I'd like to build a set S
of tens of millions of short alphanumeric strings (length ~ 10 on average, max 100). Goal: do a quick lookup if a given string s
is in S
.
A set/hashtable seems to be interesting because it allows a fast O(1) lookup.
However, I know that a set takes much more in RAM than the actual data (because of the actual internal hashtable/buckets). In the following test, I see that all 5-character strings aaaaa, aaaab, ..., zzzzz
take 57 MB for the content, but 170 MB as a Python set
(when pickled):
import string, pickle
from itertools import product
n = 5
L = [''.join(p) for p in product(string.ascii_lowercase, repeat=n)] # aaaaa, aaaab, aaaac, ..., zzzzz
L = set(L)
size1 = len(L) * n
size2 = len(pickle.dumps(L))
print("Data: %.2f MB" % (size1 / 1024**2))

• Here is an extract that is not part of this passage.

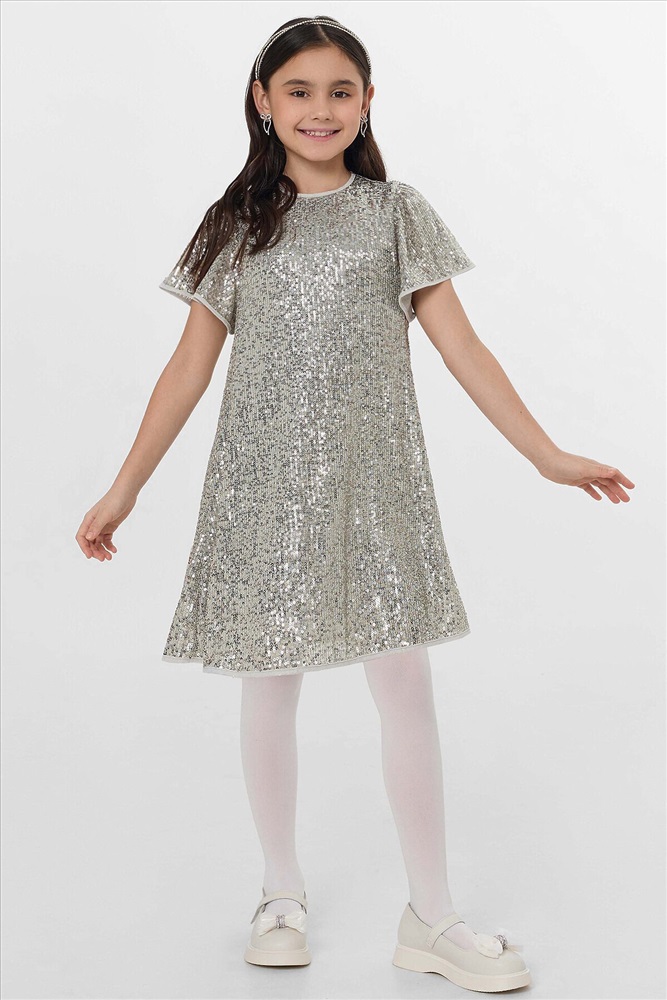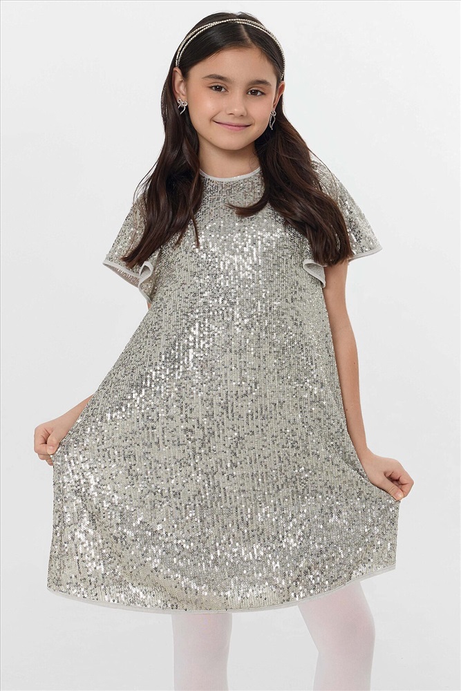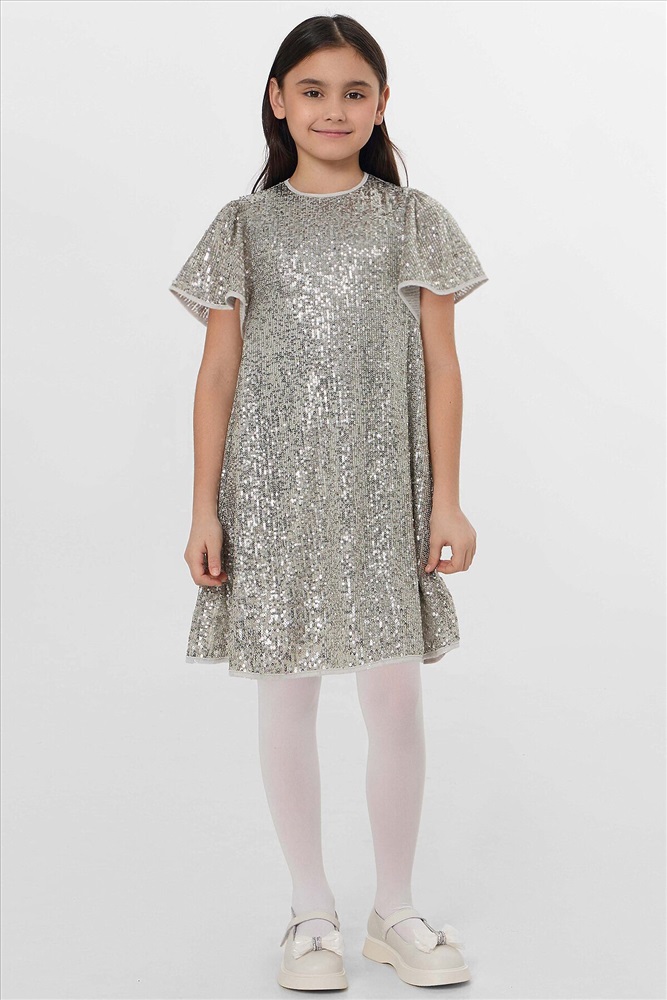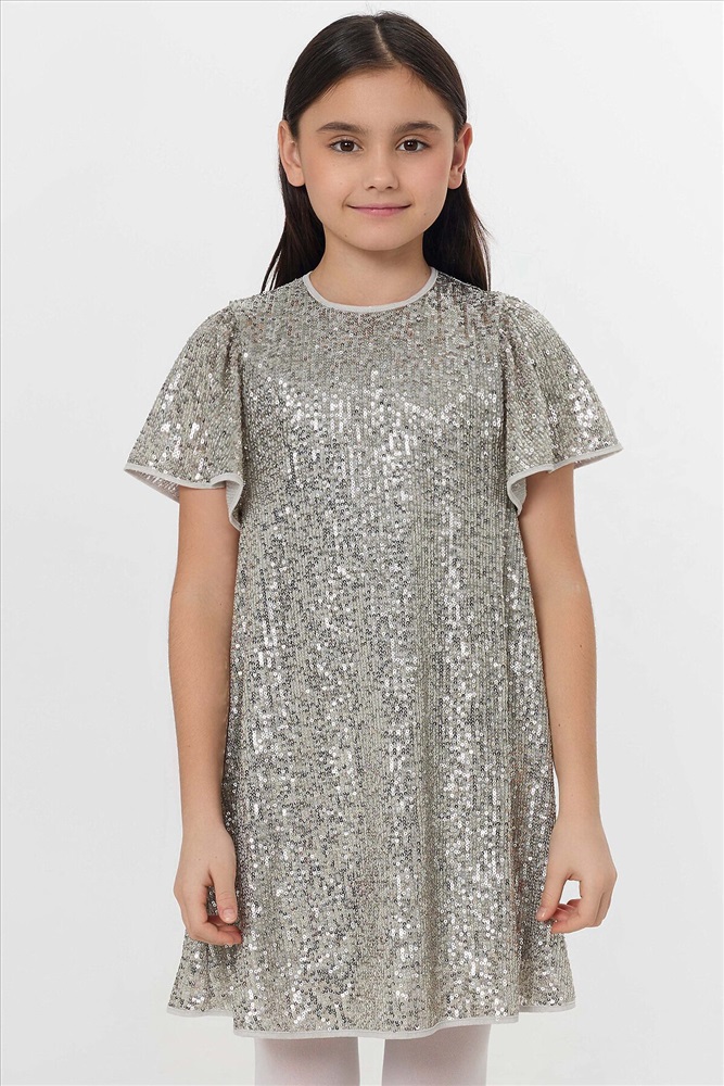 ID товара: 1227718 Состав: верх- 95% полиэстер; 5% эластан; подкладка- 92% хлопок; 8% эластан Сезон: Демисезон Рукав: короткие Вид застежки: Пуговицы Вырез горловины: Круглый Тип карманов: Без карманов Декоративные элементы: Без элементов Конструктивные элементы: Нет Уход: Деликатная стирка при 30 градусах Фактура материала: Кулирное полотно+сетка Страна бренда: Беларусь Страна производства: Беларусь Платье с пайетками — это праздник в каждой детали. Его силуэт мягко облегает фигуру и расширяется книзу, создавая изящный А-силуэт. Платье полностью покрыто переливающимися пайетками, которые играют светом при каждом движении. Верх платья выполнен из полиэстера с добавлением эластана, что обеспечивает материалу легкое растяжение, упругость и помогает пайеткам надежно держаться. Подкладка из хлопка с эластаном гарантирует воздухопроницаемость, мягкость и комфорт в течение всего дня, позволяя свободно двигаться и танцевать. Это платье станет идеальным нарядом для первого выпускного, яркого дня рождения или волшебного новогоднего утренника. В нём ваша принцесса превратится в главную героиню праздника, а сияющий образ и лёгкость кроя подарят ей радость и уверенность, которые запомнятся навсегда. Комментарии к товару

print("Size of set: %.2f MB" % (size2 / 1024**2))
# Data: 56.65 MB
# Size of set: 169.99 MB
Are there other data structures (available in Python) which allow fast lookup (maybe not as fast as a set which might be optimal), without having the burden of a 1:3 factor in the size of the actual content in bytes vs. data structure size in bytes?
TL;DR: I'd like to see if a solution exists somewhere between just the raw bytes of the content (optimal in space, but very slow search), and a set/hashtable (optimal for search speed, but uses large memory)